Team:Potsdam Bioware/Project/Modeling

From 2012.igem.org

Revision as of 18:34, 25 September 2012 by Tpriemel (Talk | contribs)


Modeling


Contents

Introduction

Modeling is a good tool to understand complex interactions or processes. We created a model to illustrate our selection system and to get a better understanding of its behavior under different conditions. Thereby, we wanted to answer two main questions:

  1. At which time point selection is successful?
  1. How many antibody presenting cells and how many virus particles do we need at the beginning?

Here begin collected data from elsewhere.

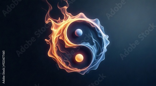 The watermark will not be included on Wall mural.: Exploring the harmony of duality through fiery and serene energies in a mystical yin-yang representa
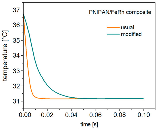 Based on the data from FEM simulations of the studied sample, we carried out simulations of the heat transfer process in both conventional and modified PNIPAM/FeRh composite samples (Figure 6).
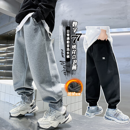 1*7下载视频“TGXZ5985男童字母织带加绒运动裤”
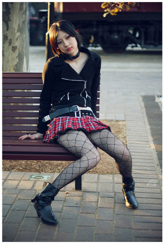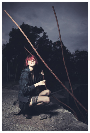 This is beautiful dude I dunno if it's just me, but I love how her stockings create black outlines around her legs, it makes it look like a cut-out from the landscape ^_^
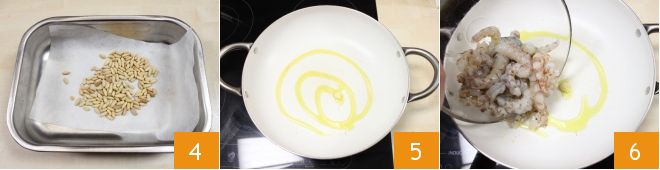 Maintenant, grillez les pignons : placez-les sur une plaque recouverte de papier sulfurisé et faites-les cuire dans un four préchauffé à chaleur statique pendant environ 10 minutes à 150° (ou dans un four à chaleur tournante à 130° pendant 5-6 minutes) 4 et mettez-les de côté, si vous préférez, vous pouvez aussi les griller dans une poêle. Chauffez un filet d'huile dans une poêle avec l'ail 5, ajoutez les gambas 6
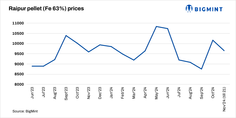 Raipur-based pellet makers reduced their Fe63% (+/_0.5%) offers on 21 Nov by INR 400/t ($5/t) to INR 9,000-9,100/t ($107-108/t) exw after yesterday’s OMC iron ore auction, where bids (weighted average) dropped INR 300/t ($4/t) against Oct’24. GPIL lowered Fe63.5% and Fe65.5% offers to INR 9,600/t ($114/t) and INR 10,800/t ($128/t) exw. Sponge PDRI in Raipur fell INR 550/t ($7/t) w-o-w to INR 25,200/t ($298/t) exw.
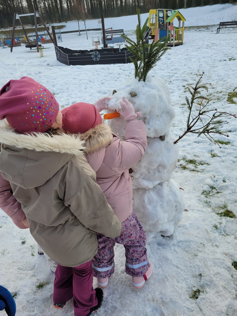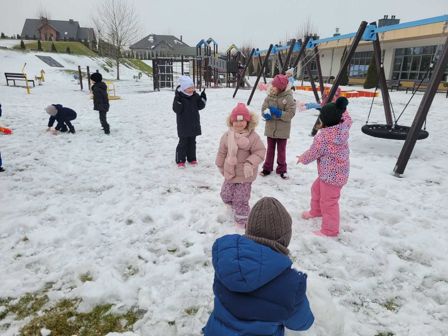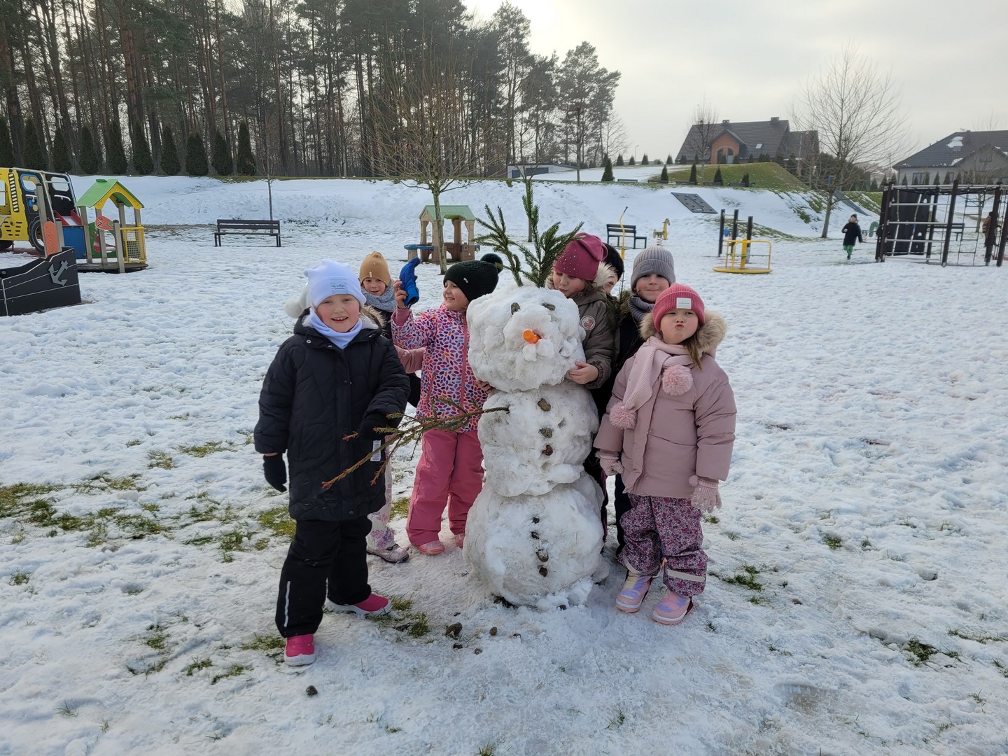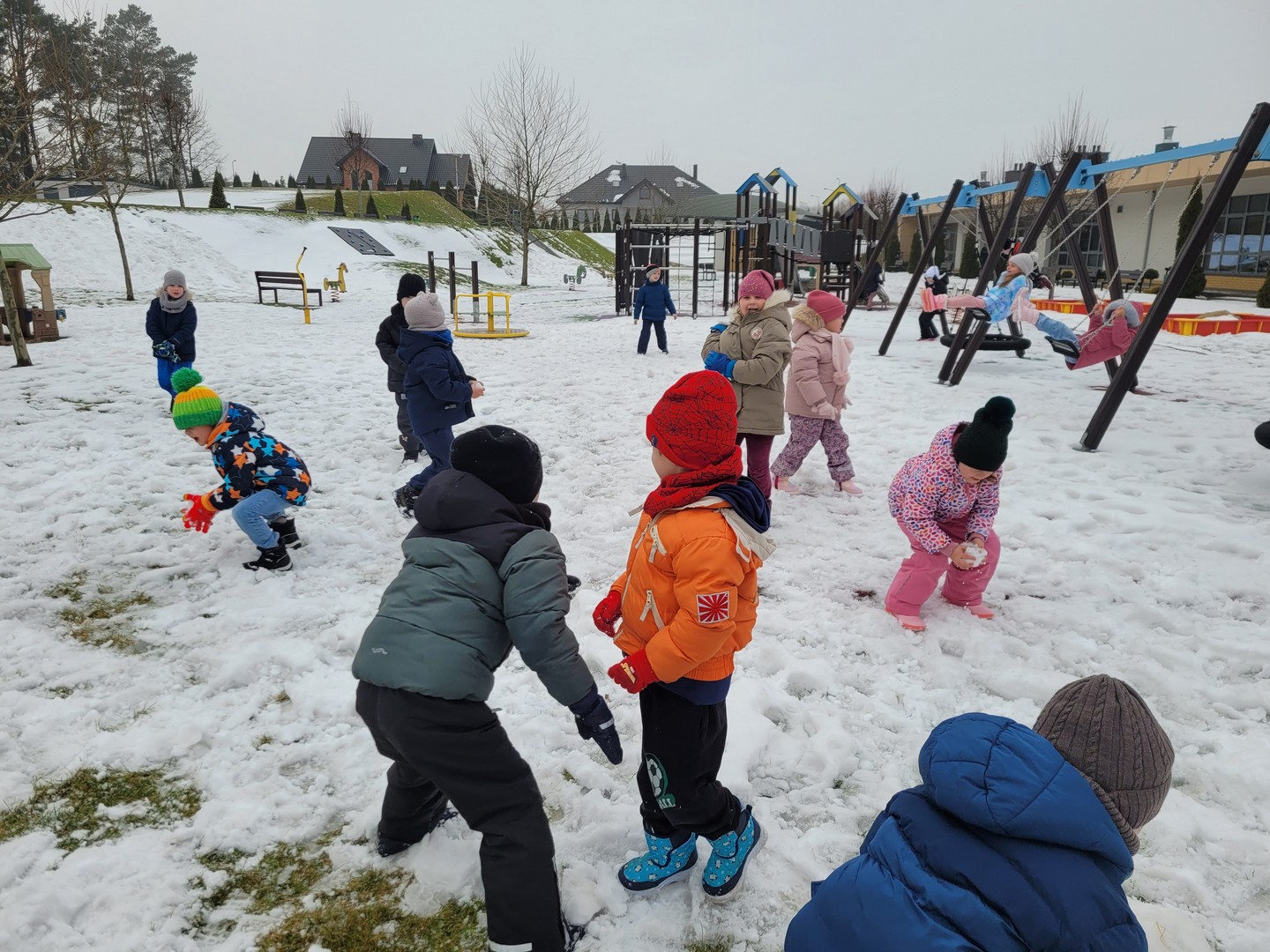 Dzieci z grupy „Sówki” wybrały się na przedszkolny plac zabaw, aby uzupełnić karmę w karmnikach dla ptaszków oraz zawiesić dla nich słoninkę. W ten sposób „Sówki” uczą się empatii i tego, jak ważna jest pomoc leśnym ptakom w czasie zimy i mrozu. Po dobrym uczynku przyszedł czas na zimowe zabawy – były harce na śniegu, rzucanie śnieżkami oraz oczywiście lepienie bałwana. To była naprawdę super zabawa.
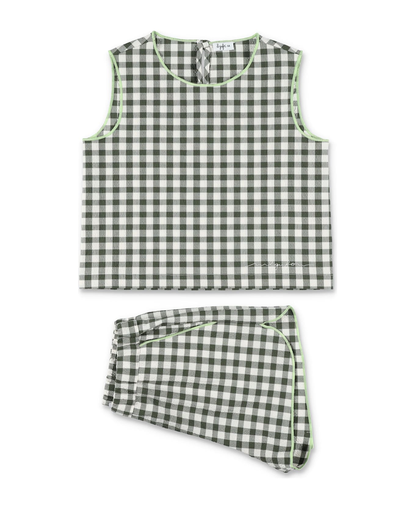 Cotton Gingham Check Seersucker Set By Il Gufo. Featuring: Sleeveless Top With Embroidered Logo At Hem, Straight Cut And Contrast Edges Shorts With Elastic Waistband, Slant Pockets, Side Slits And Contrast Edges
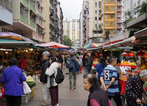 筲箕灣駅 到着後、駅前に位置する金華街の市場を散策
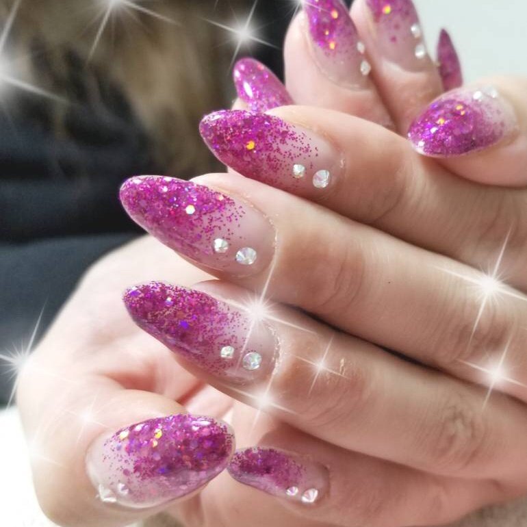 Apr 13, 17 · ジェルネイルでグラデーションといえば、ネイルのデザインの中でも基本というか王道で、人気のあるデザインですよね。カラーだけのグラデーションの縦横方向が違うグラデーションや、ラメのグラデーションとバリエーションも豊富。Oct 14, · 1 ストーンを乗せるネイルはマットのトップコートを塗る 2 細筆を使い、ラメ入りネイルで交差するようにラインを描く(ストーンを置く位置を始点に描くとバランスがとりやすい) 3 トップコートでストーンをつけて完成 ≪使用したネイル≫ピンク系の肌なじみのいいラメグラデーションにストーンやパール・メタルを飾ったデザインです キラキラと輝く華やかなデザインになっています 価格 ¥10,
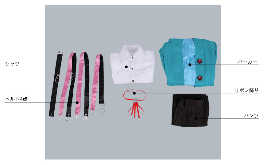 パーカー、シャツ、パンツ、飾り物(リボン飾り、ベルト4点)
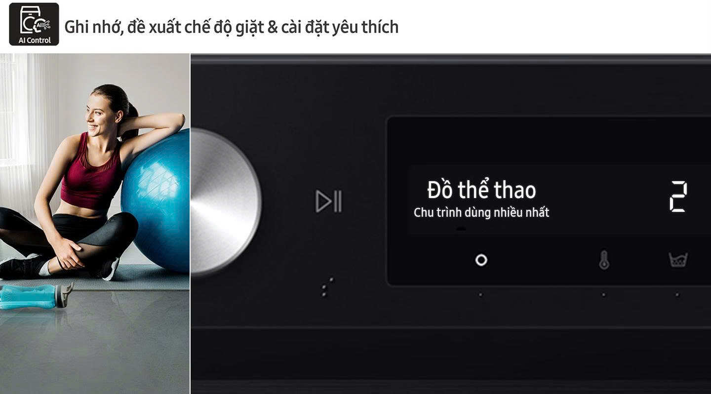 Bảng điều khiển AI Control của máy có khả năng ghi nhớ thói quen người dùng và tự động đề xuất chế độ giặt phù hợp. Không chỉ vậy, máy còn có thể liên kết với máy sấy Samsung để tạo chuỗi giặt – sấy liền mạch. Giao diện điều khiển hiển thị rõ ràng, dễ hiểu, kể cả với người lớn tuổi hay người mới sử dụng lần đầu.

To answer these questions we did both deterministic and stochastic modeling using MATLAB. Furthermore, we did a huge parameter analysis for each model to check what kind of influence each parameter has on our selection system.

Simplest Model

Reaction Scheme

We build a simple model of our in vivo selection system, which contains no more reactions we required. The following scheme (Fig. 1) shows the reactions occurring in our model.

UP12 Modeling reaction-scheme.png

Species:

  • V...Virus
  • C...WT-CHO cell presenting antibody and express AID for antibody mutation
  • CV...WT-CHO cell after infection with virus
  • M...Mutated CHO cell presenting a more affine antibody
  • MV...Mutated CHO cell after infection with virus

reaction rates:

  • k_div...cell division rate
  • k_divAinf...cell division rate after infection of virus
  • k_death...cell death rate
  • k_deathAinf...cell death rate after infection of virus
  • k_mut...mutation rate (rate to get a better antibody)
  • k_intC...infection rate of virus with WT-CHO cells
  • k_intM...infection rate of virus with mutated CHO cells
  • k_loss...loss of viral genes (means loss of stimulus due to virus infection)

Our system starts with the antibody presenting cell exhibiting a cell division rate (kdiv) and a cell death rate (kdeath). Due to expression of AID the antibody gets mutated and with a particular rate (kmut) we get a mutated cell presenting a more affine antibody. Thereby the virus infection is changed and is able to trigger the selection of mutated cells. We can distinguish between two different cases.

Within the first case the infection rate of the virus to the mutated cell (kintM) is improved compared to the infection rate to WT cell (kintC). In this case through the virus infection a positive stimulus can be mediated, resulting in both a higher cell division rate (kdivAinf) and/or a lower cell death rate (kdeathAinf).

In case two the infection rate of the virus to the mutated cell is decreased compared to the infection rate to WT cell C (kintM < kintC). Hence, through the virus infection, a negative stimulus can be mediated, resulting in a lower cell division rate (kdivAinf) or a higher cell death rate (kdeathAinf) or even both. The stimulus due to virus infection gets lost during the proceeding process (kloss). This means that the virus infection is steadily required for those stimuli.

(Due to the experimental observation which show that without an antibody no infection can be seen, we assume that with a better antibody on the cell surface the infection rate by the virus is improved compared to the WT cell. This means we should apply a positive selection system. For this we use antibiotics as selection pressure and antibiotic resistance as positive stimulus through virus infection. Therefore for modeling we used low cell division rate compared to cell death rate and a high cell division rate after virus infection.)

Deterministic Model

For deterministic modeling we write the reactions as ordinary differential equations (ODE´s) (see Fig. 2) and solved them using MATLAB. Because we had only marginal information about parameter values we estimate them and did a huge parameter analysis (see below).

ODE´s

Figure 2: Ordinary differential equations for our selection system.

Results

For calculation in MATLAB we used the following parameter values as reference state. In figure 3 time dependent concentrations of each species are shown.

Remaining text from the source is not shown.